Insect-sized robot takes flight: RoboBee X-Wing

Insects are true masters of flight – small,
lightweight and highly manoeuvrable. Scientists have been taking inspiration
from our six-legged friends to try and create flying
robots of the same size. But it’s proven difficult because when
you get down to the insects’ scale, it’s hard to generate enough thrust
to carry your own power source. But there’s a new robot in town
that’s creating a bit of a buzz. This is RoboBee X-Wing. It’s got a wingspan of just 3.5 centimetres and it’s
about a quarter of the weight of a paperclip. At this scale, batteries are just
too heavy to be carried onboard, so the researchers used
ultra-lightweight solar cells. These generate power and send it to a control board
that operates a pair of piezoelectric actuators – clever materials that work a bit like a muscle and contract when a voltage passes across them.
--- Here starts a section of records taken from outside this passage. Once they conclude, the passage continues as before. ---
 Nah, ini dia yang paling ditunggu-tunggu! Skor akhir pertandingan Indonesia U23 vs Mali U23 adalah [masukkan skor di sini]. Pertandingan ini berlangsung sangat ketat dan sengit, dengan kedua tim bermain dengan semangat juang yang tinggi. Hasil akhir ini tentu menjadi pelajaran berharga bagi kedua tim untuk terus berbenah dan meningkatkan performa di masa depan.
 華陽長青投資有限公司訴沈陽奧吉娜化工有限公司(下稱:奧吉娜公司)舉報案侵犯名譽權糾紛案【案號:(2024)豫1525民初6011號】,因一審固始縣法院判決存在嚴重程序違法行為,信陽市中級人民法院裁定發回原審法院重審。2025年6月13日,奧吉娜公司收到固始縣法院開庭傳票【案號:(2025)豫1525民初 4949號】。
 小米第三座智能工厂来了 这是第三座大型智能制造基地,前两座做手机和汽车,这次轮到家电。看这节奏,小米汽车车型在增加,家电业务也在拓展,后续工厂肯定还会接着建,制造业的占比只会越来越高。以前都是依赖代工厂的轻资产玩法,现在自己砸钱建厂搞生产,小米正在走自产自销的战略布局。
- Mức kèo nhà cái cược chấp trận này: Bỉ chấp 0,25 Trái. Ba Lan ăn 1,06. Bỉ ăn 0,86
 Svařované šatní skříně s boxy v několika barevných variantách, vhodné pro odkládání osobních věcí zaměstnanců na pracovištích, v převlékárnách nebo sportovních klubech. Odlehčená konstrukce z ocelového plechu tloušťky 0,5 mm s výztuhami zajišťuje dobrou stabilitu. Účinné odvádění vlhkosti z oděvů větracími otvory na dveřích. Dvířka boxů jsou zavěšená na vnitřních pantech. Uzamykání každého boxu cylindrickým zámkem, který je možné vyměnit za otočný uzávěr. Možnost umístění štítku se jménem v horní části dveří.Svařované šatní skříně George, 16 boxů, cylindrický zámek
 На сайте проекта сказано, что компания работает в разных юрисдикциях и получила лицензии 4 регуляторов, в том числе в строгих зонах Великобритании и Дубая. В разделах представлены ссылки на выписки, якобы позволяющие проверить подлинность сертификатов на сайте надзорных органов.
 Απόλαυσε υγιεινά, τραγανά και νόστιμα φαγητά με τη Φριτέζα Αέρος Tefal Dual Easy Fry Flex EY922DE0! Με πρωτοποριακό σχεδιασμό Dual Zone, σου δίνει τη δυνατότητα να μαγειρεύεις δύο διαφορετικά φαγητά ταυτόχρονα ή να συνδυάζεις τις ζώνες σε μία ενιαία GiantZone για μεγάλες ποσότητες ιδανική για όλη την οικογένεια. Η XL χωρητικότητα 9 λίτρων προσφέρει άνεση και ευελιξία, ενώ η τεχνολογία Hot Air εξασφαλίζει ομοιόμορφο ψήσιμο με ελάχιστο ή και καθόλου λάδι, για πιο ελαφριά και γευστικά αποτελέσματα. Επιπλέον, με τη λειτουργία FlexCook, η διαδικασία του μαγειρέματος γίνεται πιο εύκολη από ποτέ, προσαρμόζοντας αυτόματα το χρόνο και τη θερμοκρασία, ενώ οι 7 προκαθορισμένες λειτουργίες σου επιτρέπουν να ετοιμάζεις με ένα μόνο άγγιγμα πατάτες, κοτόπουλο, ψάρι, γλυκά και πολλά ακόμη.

By sticking two actuators together, they bend
back and forth to flap the bot’s wings. These seminal flights
lasted for less than a second and required more than twice
the energy contained in sunlight. But they represent an important
milestone for flight at this scale, and even supersede the
thrust efficiency of living insects. There’s certainly still room for improvement. The aerodynamics of the wings
are not as efficient as a real insect’s, and, of course, the controls that insects
pack into their tiny compact brains are a long way off for RoboBee X-Wing. But this model produced more
thrust than it needed and in the future, that could be used to carry controls, sensors,
maybe even some sort of battery. The hope is that these miniature robotic insects will
one day be able to achieve continuous outdoor flight and help with environmental and disaster monitoring, perhaps even operating in a swarm.